Supernova interactions with aspherical circumstellar material I: calculations of light curves, AB magnitudes, spectra, and polarisation

TL;DR

This paper presents advanced 2D simulations of supernova interactions with aspherical circumstellar material, analyzing resulting light curves, spectra, and polarisation to better understand observable features.

Contribution

It introduces detailed numerical models of supernova-CSM interactions with aspherical geometries, including polarisation and spectral predictions, using upgraded radiation-hydrodynamic and Monte Carlo transfer codes.

Findings

RHD models show slower expansion velocities than previous adiabatic models.

Light curves exhibit smooth evolution in disc interactions and variability in lobes.

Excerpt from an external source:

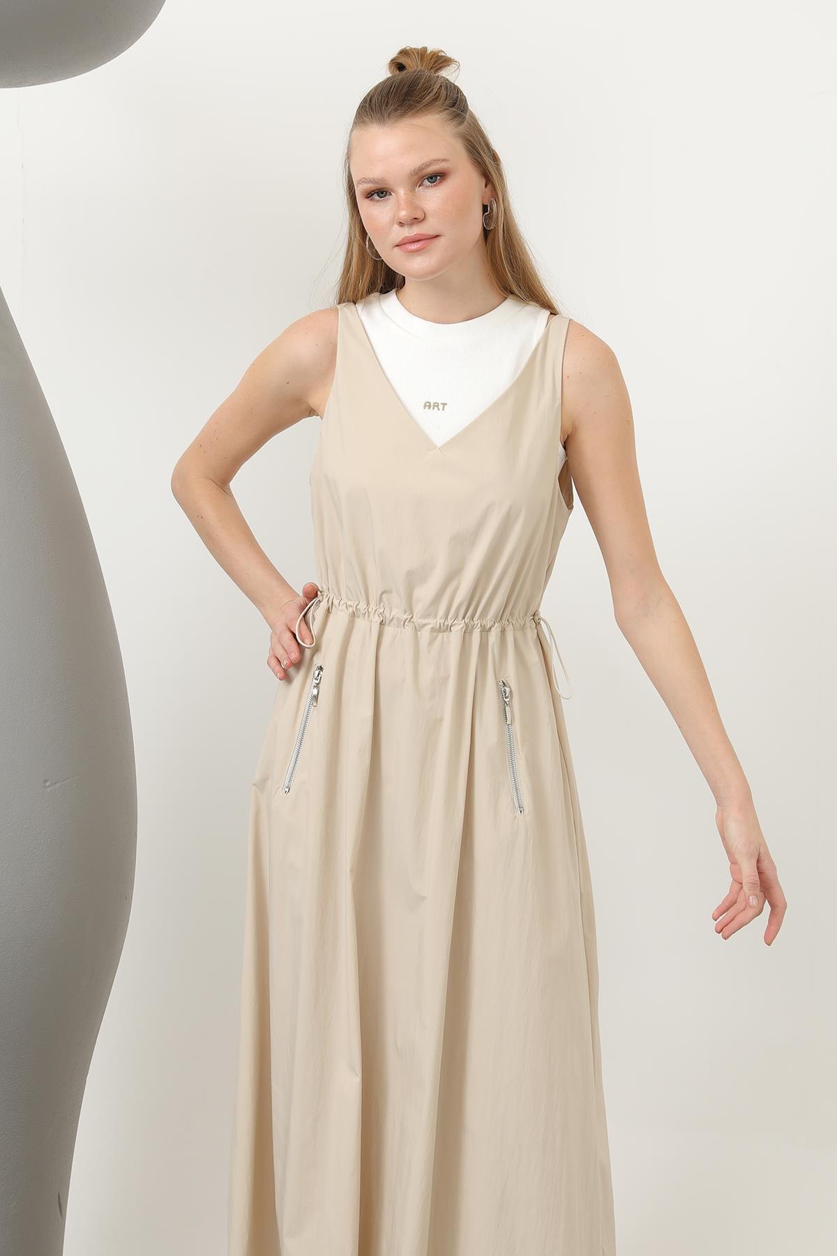 ODRESS_Elbise_Kadın Belden Stoperli Fermuar Detaylı Paraşüt Jile 32147 Odress Soul BEIGE

Comparison with real events aids in selecting accurate CSM configurations.

Abstract

We present an upgraded detailed numerical calculations of supernova (SN) interactions with significantly aspherical circumstellar matter (CSM), primarily formed as a disc or bipolar lobes. The circumstellar disc can arise as a result of, for example, mass transfer in a binary, while bipolar lobes can be the result of a violent pre-explosive ejection of matter, similar to the iconic cases of luminous blue variable stars (LBVs). We numerically simulate the radiation-hydrodynamic (RHD) behaviour of interaction processes using a 2D cylindrical version of the RHD code CASTRO. We then calculate light curves, spectral patterns, and polarisation profiles, all up to a relatively long time of two years after an SN shock breakout and from different directions, using the multidimensional Monte Carlo radiation transfer (MC-RT) codes SEDONA and SIROCCO. We calculated a total of five models for the two aforementioned configurations of the surrounding CSM, for stratified density levels, comparing the simulated hydrodynamic behaviour and differences in their observable properties. RHD models exhibit similar behaviour to previous adiabatic models, but with a significantly slower expansion velocity. The calculated light curves show a relatively smooth evolution in SN-disc interaction, and declines and brightening in SN-lobes interaction. Comparing models with real events with a presumed similar physical process provides guidance for selecting a more accurate CSM configuration when simulating real situations.